# My NoWake Custom Kayak/Canoe Trailer



## Swamp Monster

Here's a few photo's of my new kayak hauler. It started life as a basic 4x6 utility trailer with a little 3ft long tongue. Thanks to the talent, time, and generosity of Michigan Sportsmans very own NoWake, the trailer was transformed into a 4 place kayak/canoe trailer. He added a new, much longer tongue, a new coupler, extensive bracing for the new tongue and a custom built rack system built to hold at least 4 boats. The trailer is solid as a rock and tow's much better than it did when new. I carpeted the bunks and decided to use some flourescent orange duct tape on the ends to minimize the number of times I crack myself in the head when loading or getting stuff out of the trailer etc.:lol: I will add a spare tire, a tongue jack and finally a 60" aluminum tool box will be mounted on the tongue to hold paddles, life jackets, straps, fishing gear etc. I'll leave the trailer bed open for coolers and whatever else that one might take on a outing. 
My Ultimate 14.5 and my wifes Ultimate 12 Propel fit perfectly on it. We can carry them hull up or hull down if we choose. 
NoWake did a tremendous job! If you ever get a chance to cross paths with him at a shoot or in the field, you'll be a better man for it! Thank you my firend!

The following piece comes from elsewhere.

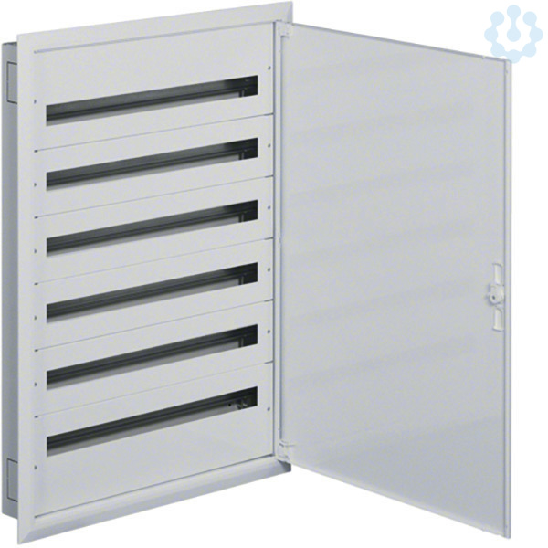 Feldverteiler,UP,FW2, IP30, SKI,mit Tür,6x36 PLE, Nischenmaße 1070x766x110mm. Installationsverteiler UP/HW nach OVE/ÖNORM EN 61 439-1/-3 und OVE/ÖNORN 62208. Zum Einbau für Reiheneinbaugeräte bis 125 A. Bestehend aus Mauerwanne, Einbausatz und Tür mit Blendrahmen aus reinweißen pulverbeschichtetem und eingebranntem Stahlblech. Der Einbausatz hat je 2 profilierte Tragschienen, stabile 15mm hohen Hutschienen in 150mm Mittenabstand und passenden reinweißen Berührungsschutzabdeckungen. Großzügiger Raum für die zu- und abgehenden Kabel durch je einen 200mm hohen Bereich. Vorprägungen für die Kabeleinführungen unten, oben sowie seitlich. Tür mit innenliegenden justierbaren Scharnieren und einem Öffnungswinkel von 130°. Tür rechts und links anschlagbar. Weißes formschönes Schlossschild mit Drehriegel - Klappverschluss. Austauschbare Schließsysteme, Kabelabfangschienen sowie verschiedene Klemmen siehe Zubehör.

I may flip the axles/springs and move up to a 13" tire instead of the 12's but for now, the 12's work fine. The 13's would give a bit more clearance and probably handle the highway a bit better. I just don't feel like buying three new rims and tires at the prices they want for them at the moment. Maybe next summer.


----------



## Salmonous Maximus

That's a really nice way to haul a bunch of yaks, and stuff! Nice work.


----------



## NoWake

Thanks Swamp, it looks much better with the paint and padding. It was great meeting you in person and I enjoyed working with you on this project. Anytime you need anything let me know. I owe you now.


----------



## skip tumalu

Very nice swamp! Looks good!

Outdoor Hub mobile, the outdoor information engine


----------



## wartfroggy

I like it! It is actually pretty close to what I was thinking. I really only have a need to carry 2, but I do like the idea of being able to haul 4 if needed, and it really isn't that much more work to do it. Nice looking rig!


----------



## Swamp Monster

Thanks, all the credit goes to NoWake. I only haul 2 as well but I figured it would be nice to haul 4 just in case a friend or two wants to tag along. I also have a thule rack on the cap of the truck so I could haul 6 if ever necessary but that is unlikely. 

If you go to the texas kayak fishing forum, they have a sticky in one of the forums that is all kayak trailers from factory to complete customs. You can get a ton of ideas from that one long thread. If I can get a link I'll post it.


----------